De plus, l’artiste et sa compagne de vie étaient en discussion pour produire des spectacles extérieurs estivaux à Montréal. À ce rythme, deux années professionnelles sont vite passées.

Puis, une pandémie…

La tournée pour la pièce de théâtre est annulée, tout comme le sont ses démarches pour des spectacles extérieurs. L’artiste est tombé dans un vide créatif pendant quelques mois. « Ça a été une coupure extrême pour tout le monde. Tu te mets à t’ennuyer de tout ce que tu haïssais du métier: la pression, la boule dans le ventre avant de monter sur scène et les heures de route. C’est un peu ta raison d’être comme artiste.

« Ça a été une longue période de questionnement à me demander what is this all about? Finalement, tu trouves une certaine paix en parlant avec tes voisins. Tu te rends compte que tout le monde est dans la même situation. »

C’est à ce moment, après plusieurs mois à laisser sa guitare prendre la poussière, que l’artiste a finalement repris du service.

« La nuit est ma femme », théâtre opératique mené par Mathilde Côté

Retrouver le plaisir

Sans les forcer, des chansons sont venues à Joseph Edgar, qui s’est précipité en studio pour les enregistrer, ne désirant pas laisser tomber « ce buzz créatif » qui faisait du bien autant au musicien qu’à son entourage.

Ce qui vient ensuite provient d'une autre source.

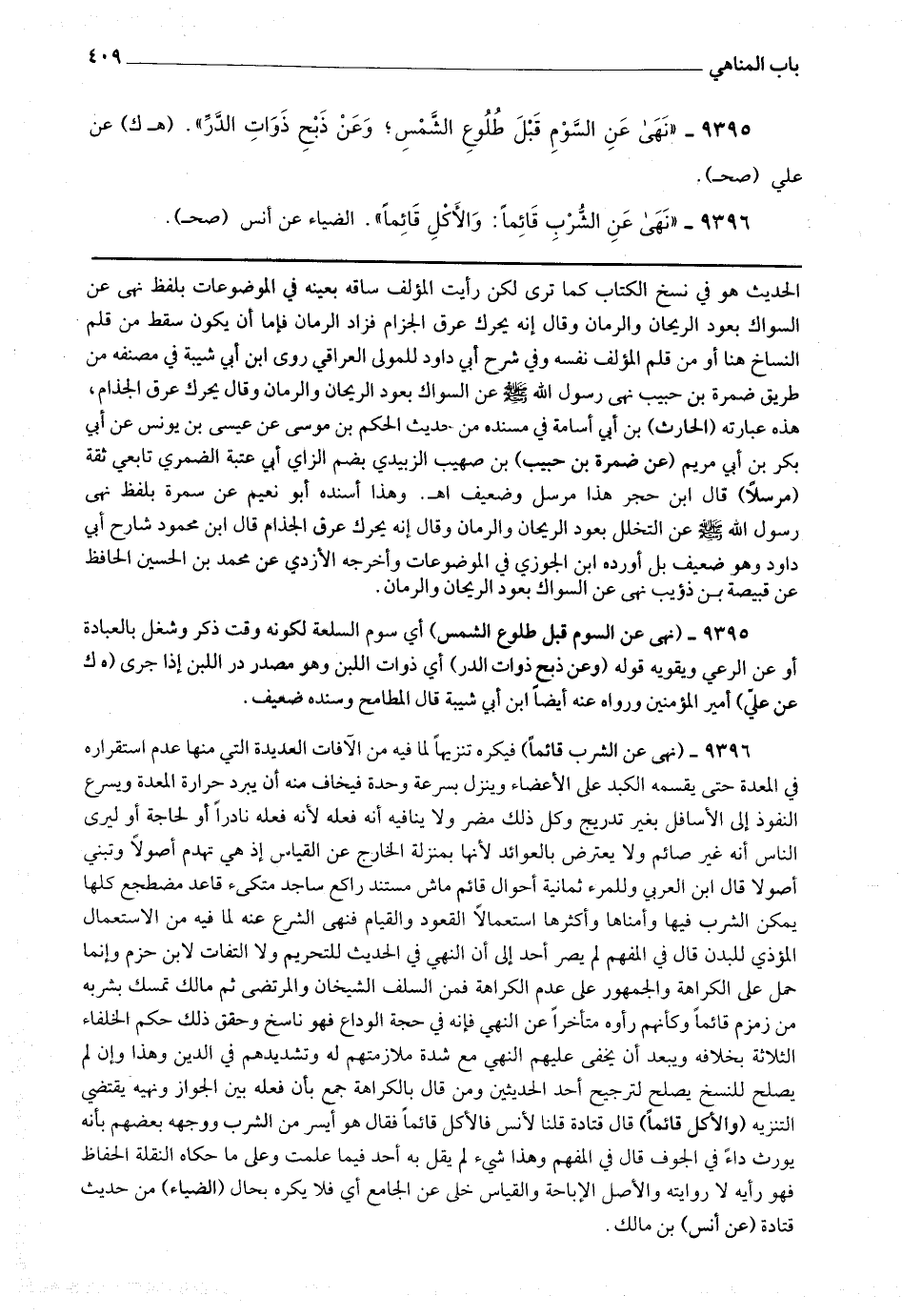 9396 - (نهى عن الشرب قائما) فيكره تنزيها لما فيه من الآفات العديدة التي منها عدم استقراره في المعدة حتى يقسمه [ ص 316 ] الكبد على الأعضاء وينزل بسرعة وحده فيخاف منه أن يبرد حرارة المعدة ويسرع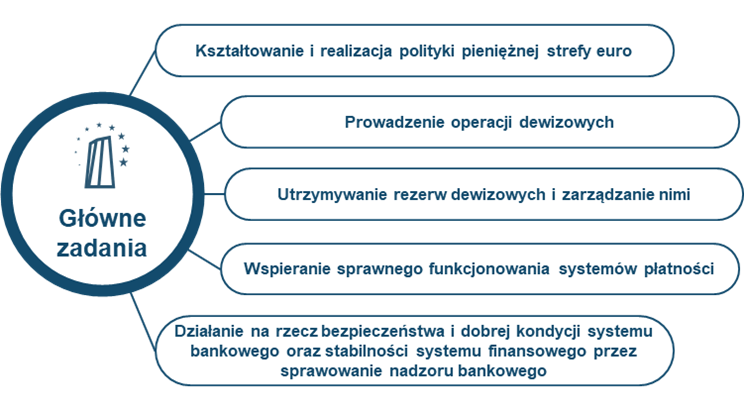 Europejski Bank Centralny wraz z bankami centralnymi państw członkowskich UE ze strefy euro tworzą Eurosystem[4]. Podstawowym celem Eurosystemu jest utrzymanie stabilności cen. Zadania EBC są określone w Traktacie o funkcjonowaniu Unii Europejskiej[5] oraz w Statucie Europejskiego Systemu Banków Centralnych i Europejskiego Banku Centralnego (Statut ESBC)[6] (rysunek 1). Działania EBC są ukierunkowane na wypełnianie jego mandatu, nie zaś – na osiąganie zysku.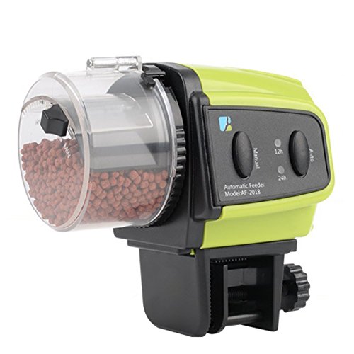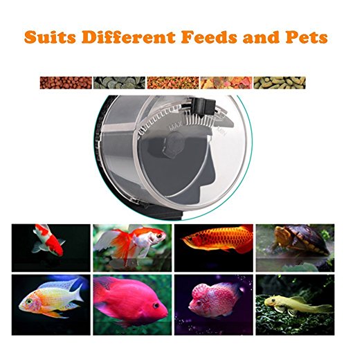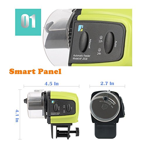 ? Notice:? ★ Low Consumption,Brand news batteries can last more than 6 months in the normal working condition.? ★ The product combines the funcions of moistureproof and crush for foods.? ★ After twist the rotor, it will rotate and stop at the position where the feeding stops.? ★ Can be Adjusted the capacity of feeding by setting the switch on the food container.? ★ Two Mode Optional,Once or twice feedings can be set within 1 day in the "Auto" Mode.Anytime's feeding can be done in the "Manual" Mode.?

Même s’il a recommencé à composer, Joseph Edgar reste fidèle à ce qu’il disait lorsqu’il annonçait une pause. « Je ne suis plus du genre à m’asseoir et à me mettre la pression d’écrire une chanson avant la fin de la journée. Maintenant, je les laisse venir et je le fais par plaisir », affirme l’artiste qui célébrait l’an passé ses quinze années de carrière solo.

Outre l’enregistrement de nouvelle musique, le Monctonnais a aussi profité des derniers mois pour renouer avec certaines de ses passions qu’il avait laissées de côté. Ceux qui suivent Joseph Edgar connaissent ses talents de dessinateur (c’est lui qu’on voit dessiner dans le clip d’Espionne russe), talent qu’il a commencé à mettre à profit en travaillant sur un projet de bande dessinée.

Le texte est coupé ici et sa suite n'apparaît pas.